**WORK ORDER**
Only the lines from the one containing "Casa en alquiler" through the final line below belong in the output, copied exactly and without pictures.
### TASK DATA
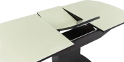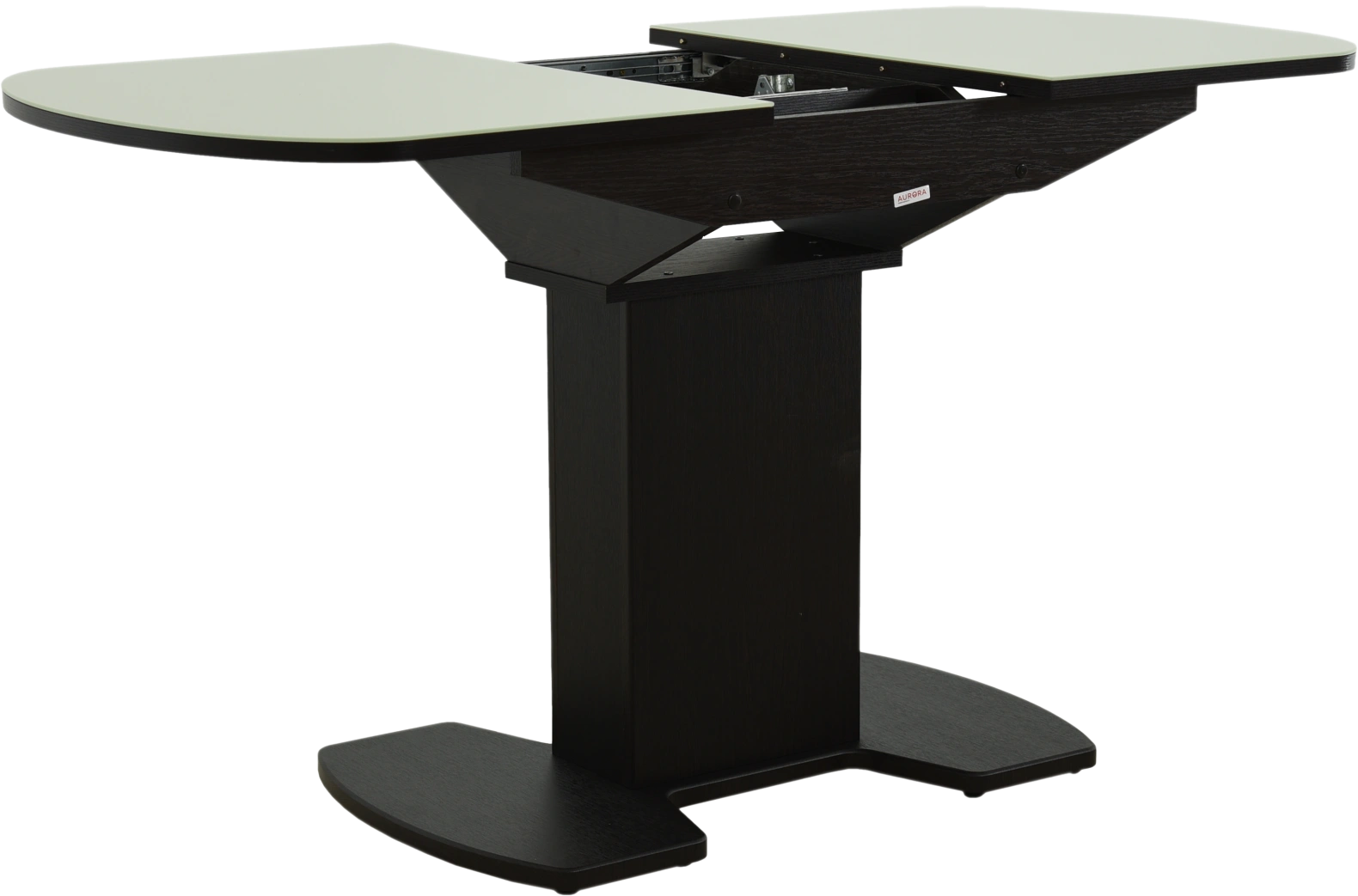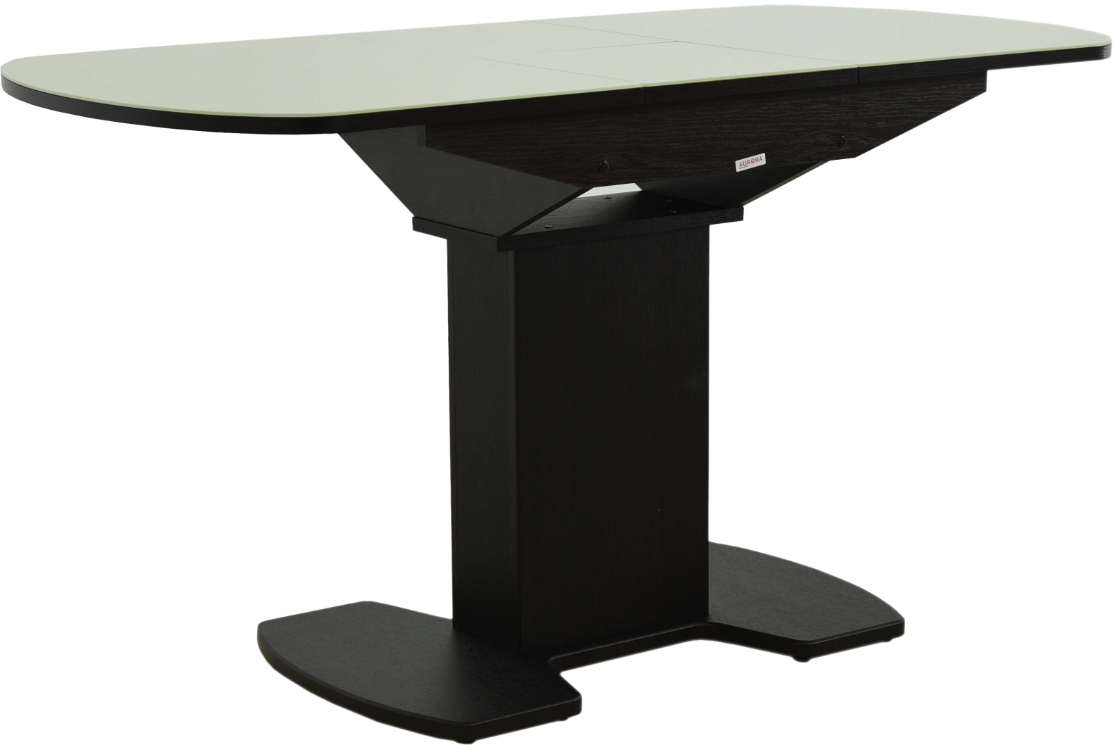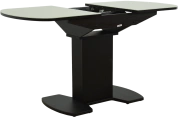 Отличительной чертой этого стола является одна опора, выполненная из МДФ в цвете подстолья. К опоре крепится непосредственно столешница. Механизм раскладки — бабочка, причем покрытие вкладыша так же изготовлено из закалённого стекла, что позволяет столу не терять эстетической окраски даже в разложенном варианте. Стоит отметить еще одну особенность стола «Корсика» — это выбор покрытия из закаленного стекла, оно может быть как глянцевым (гладким), так и матовым.
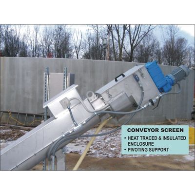 Screenings are washed of organics and dewatered during transport in the screw conveyor housing, reducing discharged screenings volume, odor and moisture content for easier and less expensive off-site disposal. Organics laden reject water is returned to the process.
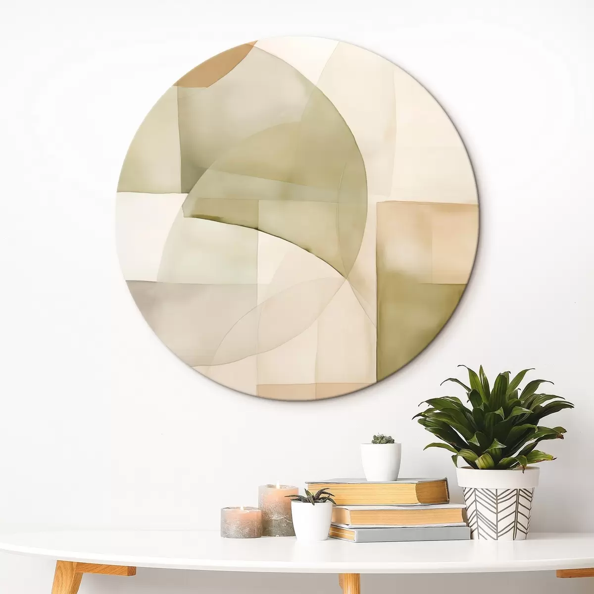 Tableaux rondes Formes géométriques abstraites texturées à l'aquarelle dans des tons de vert, marron et beige Nr r45929
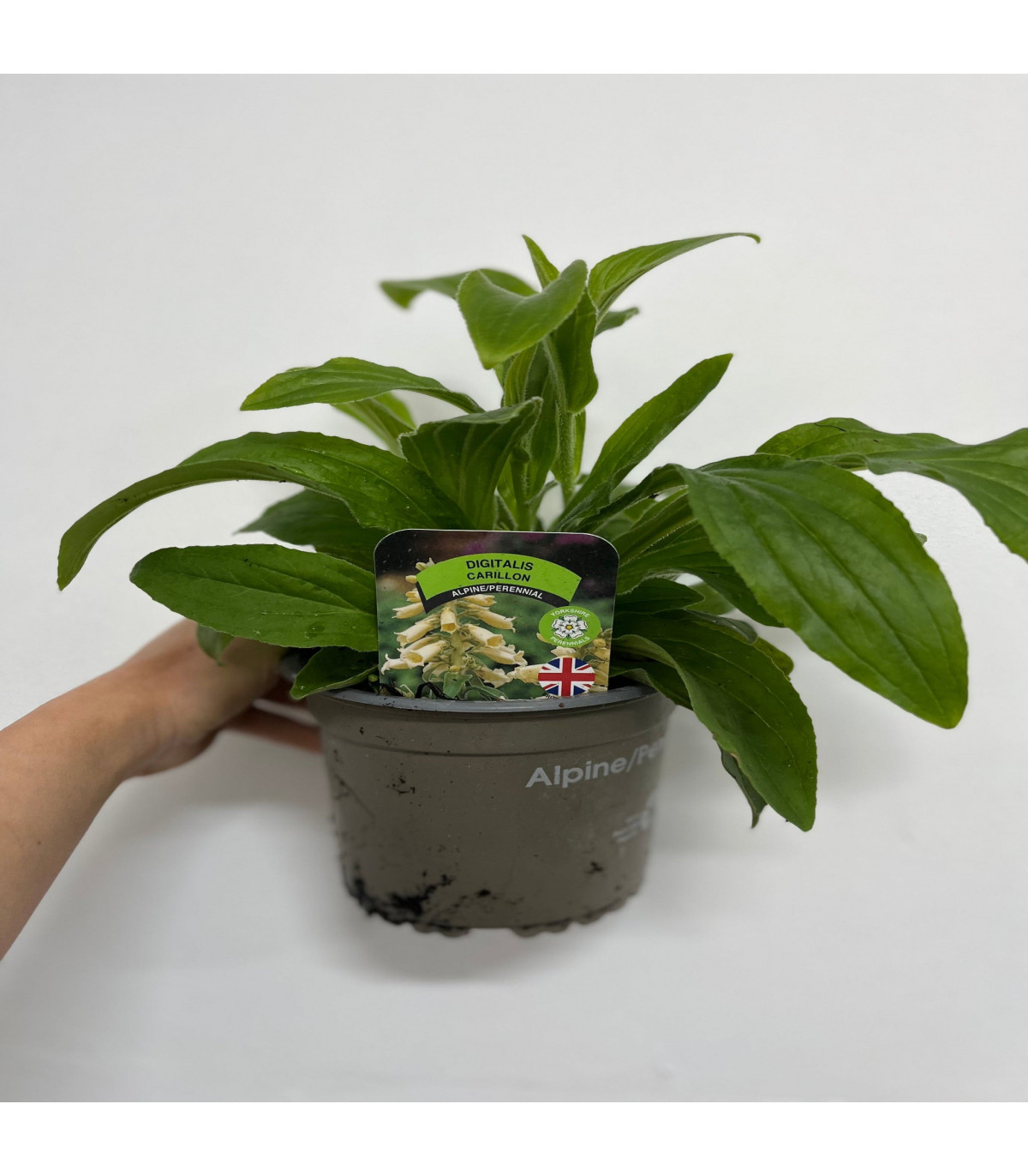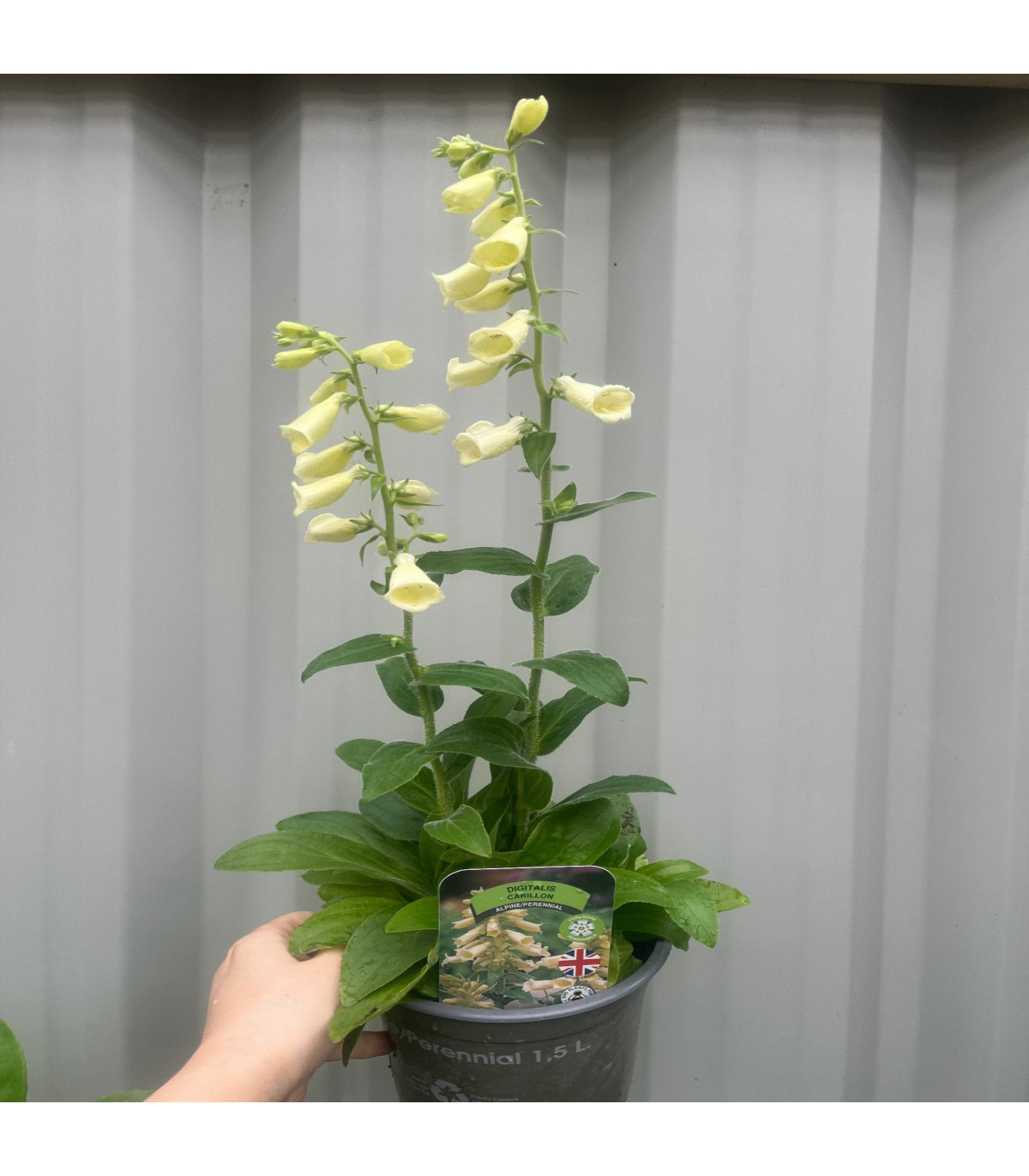 Digitalis grandiflora 'Carillon' is a graceful perennial that produces tall spikes of creamy yellow, tubular flowers with subtle brown markings on the inside, creating a soft and elegant display. The blooms rise above a mound of large, textured green foliage, adding a contrasting backdrop to the delicate flowers. Flowering in early to mid-summer, 'Carillon' thrives in partial to full sun and well-drained soil, making it an excellent choice for borders, woodland gardens, or cottage gardens. This variety attracts pollinators and is known for its tolerance to a range of soil types. With its vertical growth and lovely colouration, Digitalis 'Carillon' brings a refined touch to any garden setting.
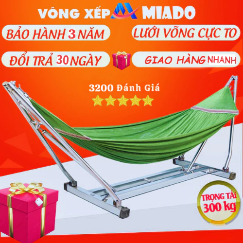 Võng xếp inox MIADO khung vuông cỡ lớn chịu tải 300kg gấp gọn tiện lợi bảo hành 3 năm là một lựa chọn tuyệt vời cho không gian nhỏ tại nhà. Sản phẩm này có nhiều ưu điểm nổi bật, bao gồm:
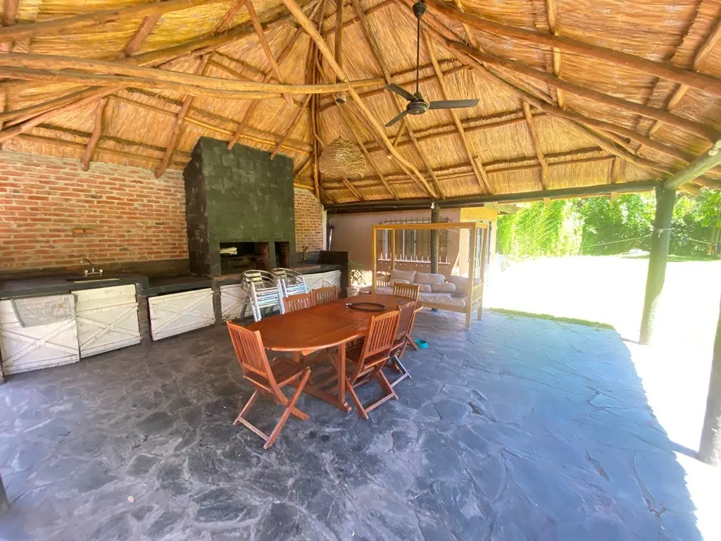 Casa en alquiler permanente en Parque Leloir, Ituzaingó. Cuenta con 4 dormitorios, 2 baños completos, toilette de recepción y un espacio de escritorio. El terreno es de 1378 m² e incluye living comedor con cocina integrada (8x5), quincho semicubierto con parrilla (7x7) y baño exterior, pileta de natación con filtro, y entrada de autos con portón automatizado. Se entrega amoblada y se alquila con seguro de caución exclusivamente.
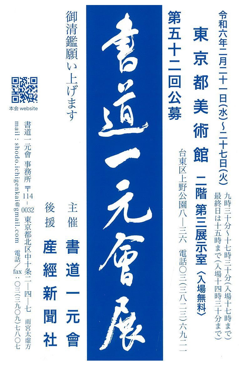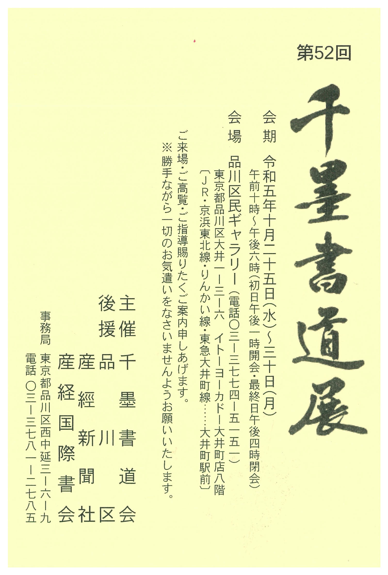 | 展覧会名 会期 会場 団体・代表名 | 第52回千墨書道展 10月25日(水)~10月30日(月) 品川区民ギャラリー 千墨書道会・近藤豊泉 |
######
**ANSWER BOX**
 Casa en alquiler permanente en Parque Leloir, Ituzaingó. Cuenta con 4 dormitorios, 2 baños completos, toilette de recepción y un espacio de escritorio. El terreno es de 1378 m² e incluye living comedor con cocina integrada (8x5), quincho semicubierto con parrilla (7x7) y baño exterior, pileta de natación con filtro, y entrada de autos con portón automatizado. Se entrega amoblada y se alquila con seguro de caución exclusivamente.
 | 展覧会名 会期 会場 団体・代表名 | 第52回千墨書道展 10月25日(水)~10月30日(月) 品川区民ギャラリー 千墨書道会・近藤豊泉 |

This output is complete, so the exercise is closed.